如上所示;每个多边形都存储为单独的图像。从这里开始,您必须考虑下一步;您可以在每个图像中找到并排列每个多边形的角。
我强调;在我看来,这种方法不合逻辑,不够准确。但是如果你没有找到更好的解决方案,它可能对你有用。
更新
我用绘图软件绘制了这个假设图像并更新了代码。我觉得效果很好。您可以根据需要调整参数。最终图像不应该是彩色的。我只是想证明它可以正常工作。
import sys
import cv2
import numpy as np
from tqdm import tqdm
import random
# Load images
mix = cv2.imread(sys.path[0]+'/im.png', cv2.IMREAD_GRAYSCALE)
im = mix.copy()
H, W = mix.shape[:2]
# Try to focus of output lines
mix = cv2.GaussianBlur(mix, (3, 3), 2)
mix = cv2.threshold(mix, 225, 255, cv2.THRESH_BINARY)[1]
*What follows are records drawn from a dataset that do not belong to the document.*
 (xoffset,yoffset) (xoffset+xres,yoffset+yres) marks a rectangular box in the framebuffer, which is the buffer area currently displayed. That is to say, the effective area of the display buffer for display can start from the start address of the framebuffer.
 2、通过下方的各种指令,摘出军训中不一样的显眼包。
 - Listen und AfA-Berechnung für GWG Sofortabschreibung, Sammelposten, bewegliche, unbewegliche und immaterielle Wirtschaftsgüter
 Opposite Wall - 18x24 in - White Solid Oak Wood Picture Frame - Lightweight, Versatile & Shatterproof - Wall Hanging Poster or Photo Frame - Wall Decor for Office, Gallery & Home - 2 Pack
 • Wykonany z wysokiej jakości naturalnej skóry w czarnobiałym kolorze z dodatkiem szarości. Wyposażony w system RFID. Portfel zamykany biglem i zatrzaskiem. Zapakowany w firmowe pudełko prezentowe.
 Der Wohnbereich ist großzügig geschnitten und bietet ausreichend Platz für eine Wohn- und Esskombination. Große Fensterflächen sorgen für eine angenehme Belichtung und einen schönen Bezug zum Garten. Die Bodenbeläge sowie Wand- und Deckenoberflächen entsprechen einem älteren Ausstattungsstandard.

# Make a mask to find the center of each polygon
msk = mix.copy()
msk = cv2.erode(msk, np.ones((3, 3)))
msk = cv2.medianBlur(msk, 3)
# Fill the mask area with black color
cv2.floodFill(msk, np.zeros((H+2, W+2), np.uint8), (0, 0), 0)
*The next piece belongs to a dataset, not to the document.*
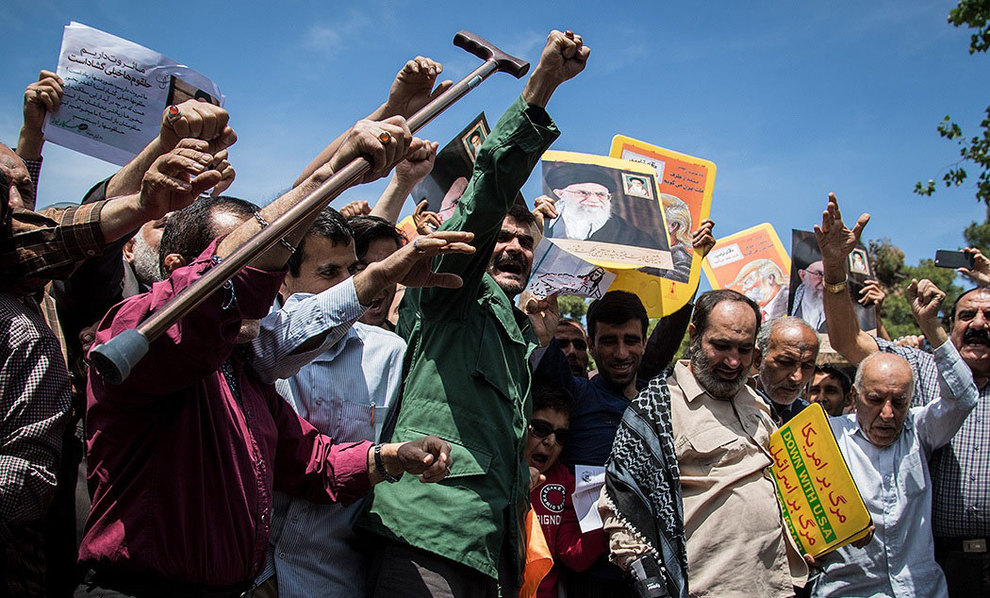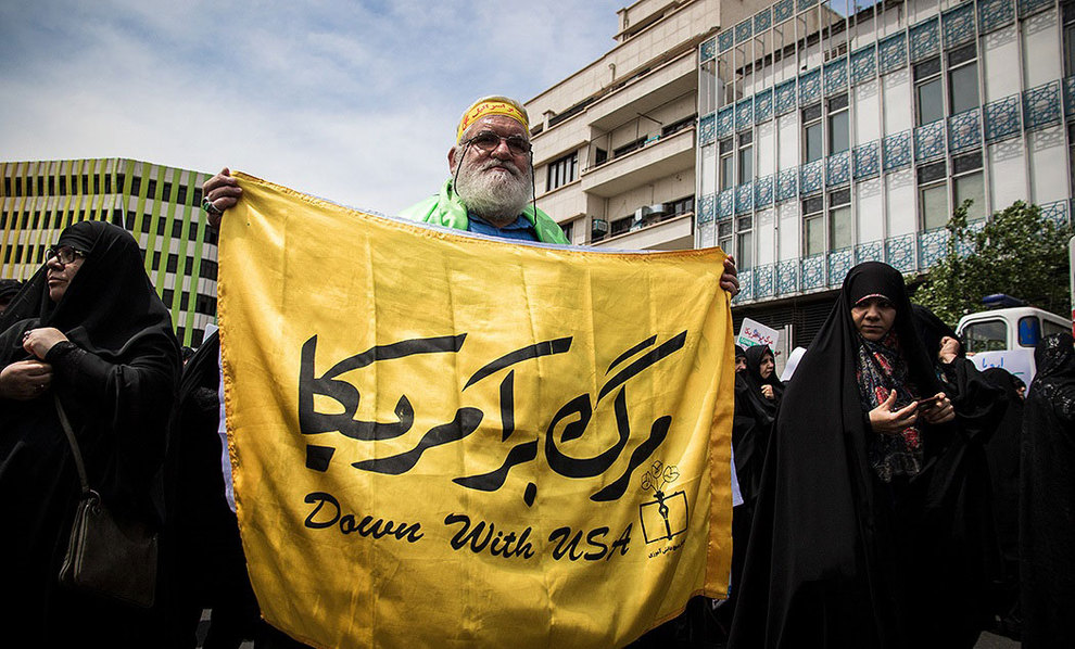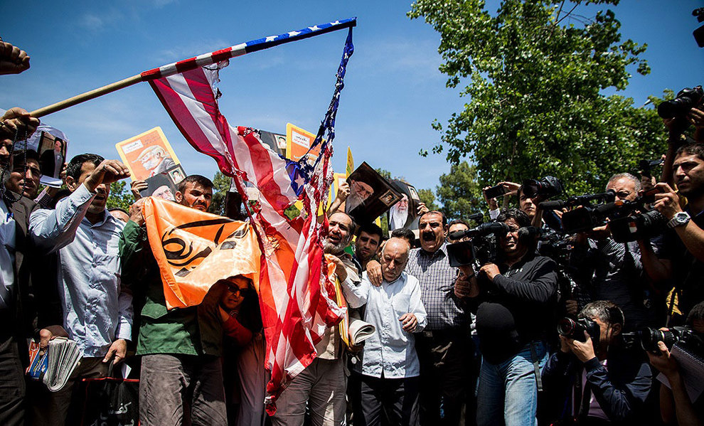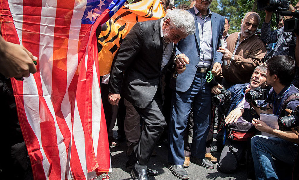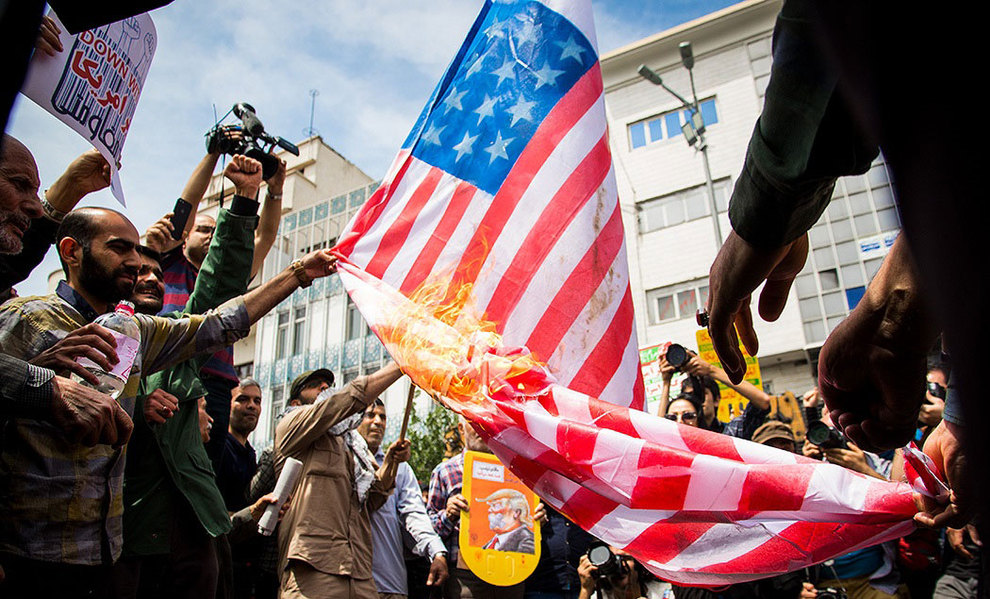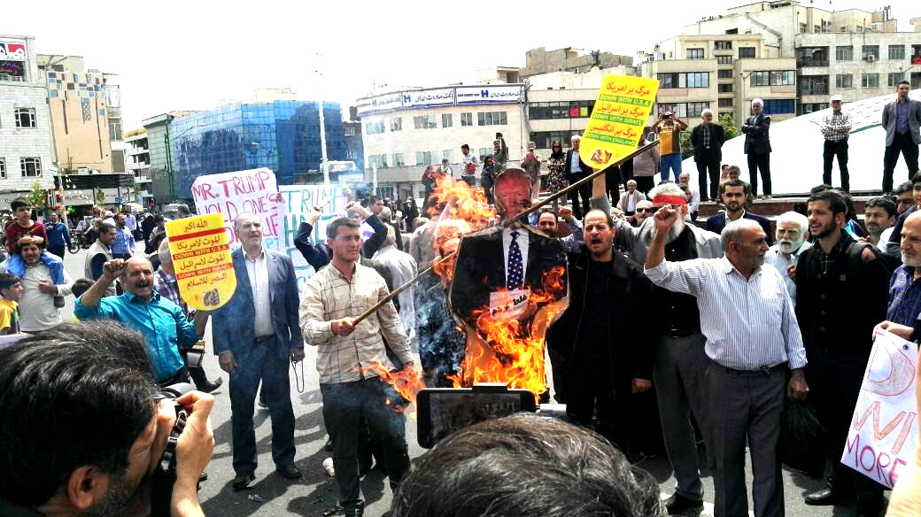 مردم تهران در پی خروج دولت آمریکا از برجام با سردادن شعارهای ضدآمریکایی به راهپیمایی پرداخته و پرچم دولت آمریکا را به آتش کشیدند.

# Find the position of each polygon
pos = msk.copy()
out = msk.copy()
out[:] = 0
out = cv2.cvtColor(out, cv2.COLOR_GRAY2BGR)
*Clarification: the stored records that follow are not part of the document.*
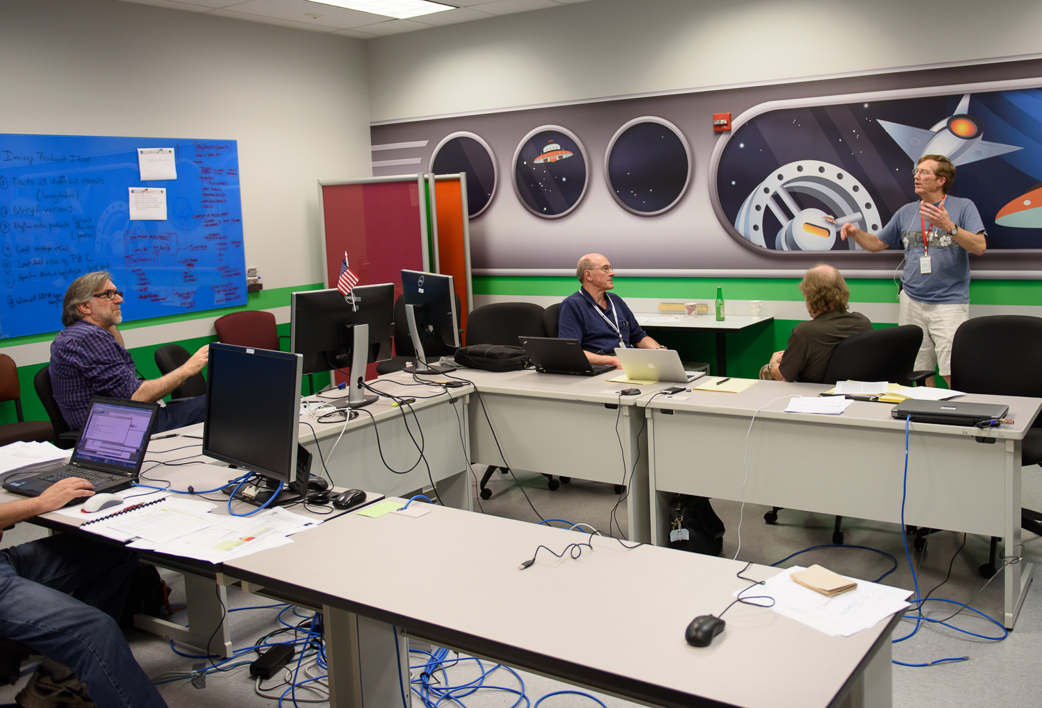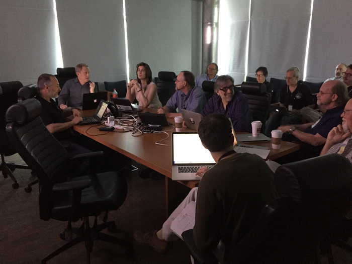 | Joe Peterson and Amy Teitel talk it up in the back row. Note the TODAY sign on the timeline on the wall -- we are at P - 4 days. |
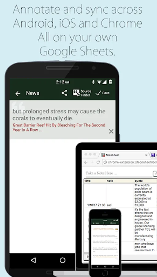 - Annotate and sync across Android, iOS and Chrome NoteSheet. Your Google spreadsheets become the curation cloud.
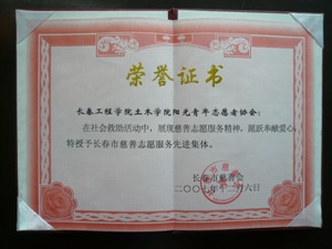 特别是在“为了美善,献出一片爱”大型募捐活动中,我们的志愿者不畏严寒,在校园﹑在大街上,奉献我们的爱心,让爱的火焰继续燃烧,发出爱的光芒,为需要帮助的人带来希望,也展现了我们志愿者的踊跃奉献爱心的服务精神;同时也受到了社会各界人士的一致好评。长春市慈善总会得知这一消息,也深受感动;为此特授予了土木学院阳光志愿者协会“志愿服务先进集体”荣誉称号。
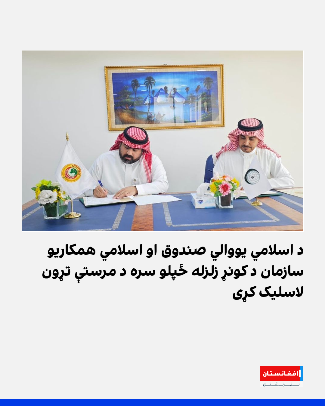 د اسلامي یووالي صندوق (ISF) او د اسلامي همکاریو سازمان (OIC) د افغانستان دفتر د هېواد په ختیزو ولایتونو کې د زلزله ځپلو خلکو د انساني ملاتړ لپاره د مرستې یو تړون لاسلیک کړی دی.
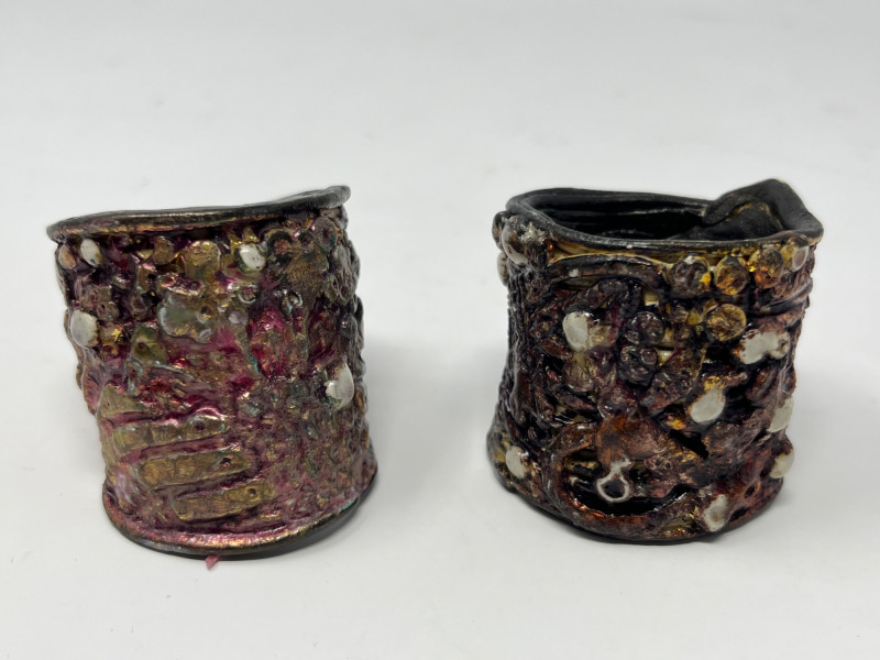 Offered here is a grouping of handcrafted ceramic napkin rings by Washington studio potter Gerald Gedekes, each piece signed with the Gedekes name on the interior. The set features varied glazes, textures, and hand‑formed details consistent with his broader body of work. One napkin ring has a small chip on the end, photographed clearly for bidder review. All other pieces show expected light wear from handling and display. Artist Information
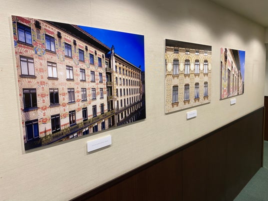 館内に掲示されているオットー・ワーグナーの作品を写した写真パネル
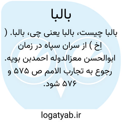 بالبا. ( اِخ ) از سران سپاه در زمان ابوالحسن معزالدوله احمدبن بویه. رجوع به تجارب الامم ص 575 و 576 شود.

cnts, _ = cv2.findContours(pos, cv2.RETR_EXTERNAL, cv2.CHAIN_APPROX_SIMPLE)
pos = cv2.cvtColor(pos, cv2.COLOR_GRAY2BGR)
c, i = 0, 0
for cnt in tqdm(cnts):
c += 25
i += 1
x, y, w, h = cv2.boundingRect(cnt)
center = (x+w//2, y+h//2)
cv2.rectangle(pos, (x, y), (x+w, y+h), (c, 220, 255-c), 1)
# Extract each polygon in a separate image
cur = mix.copy()
cv2.floodFill(cur, np.zeros((H+2, W+2), np.uint8), (0, 0), 0)
cv2.floodFill(cur, np.zeros((H+2, W+2), np.uint8), center, 127)
cur[np.where(cur == 255)] = 30
cur[np.where(cur == 127)] = 255
out[np.where(cur == 255)] = (random.randint(50, 255),
random.randint(50, 255),
random.randint(50, 255))
#cv2.imwrite(sys.path[0]+f'/tri_{i}.jpg', cur)
if c >= 255:
c = 0
# Print number of polygones
print(len(cnts))
# Change type of images
im = cv2.cvtColor(im, cv2.COLOR_GRAY2BGR)
msk = cv2.cvtColor(msk, cv2.COLOR_GRAY2BGR)
mix = cv2.cvtColor(mix, cv2.COLOR_GRAY2BGR)
# Save the output
top = np.hstack((im, mix))
btm = np.hstack((msk, pos))
cv2.imwrite(sys.path[0]+'/rect_out.jpg', np.vstack((top, btm)))
cv2.imwrite(sys.path[0]+'/rect_out2.jpg', np.vstack((im, out)))
我选择了视觉而非分析方法:
- 在你左边的图片中画出“a”三角形,并用 1、2、3 填充
- 画出你右图中的“b”三角形,分别填充100、200、300
- 添加左右图片
- 在结果中找出唯一的颜色,每一种颜色都对应一个多边形,它的值会告诉你哪两个初始三角形在那里相交
这段代码都是为左图设置的:
#!/usr/bin/env python3
#
import cv2
import numpy as np
# Make black canvas for left image and right image
left = np.zeros((256,512),np.uint16)
right = np.zeros((256,512),np.uint16)
# Draw "a" triangles filled with 1, 2, 3 onto left image
a1 = np.array([[0,0],[512,128],[0,256]], np.int32).reshape((-1,1,2))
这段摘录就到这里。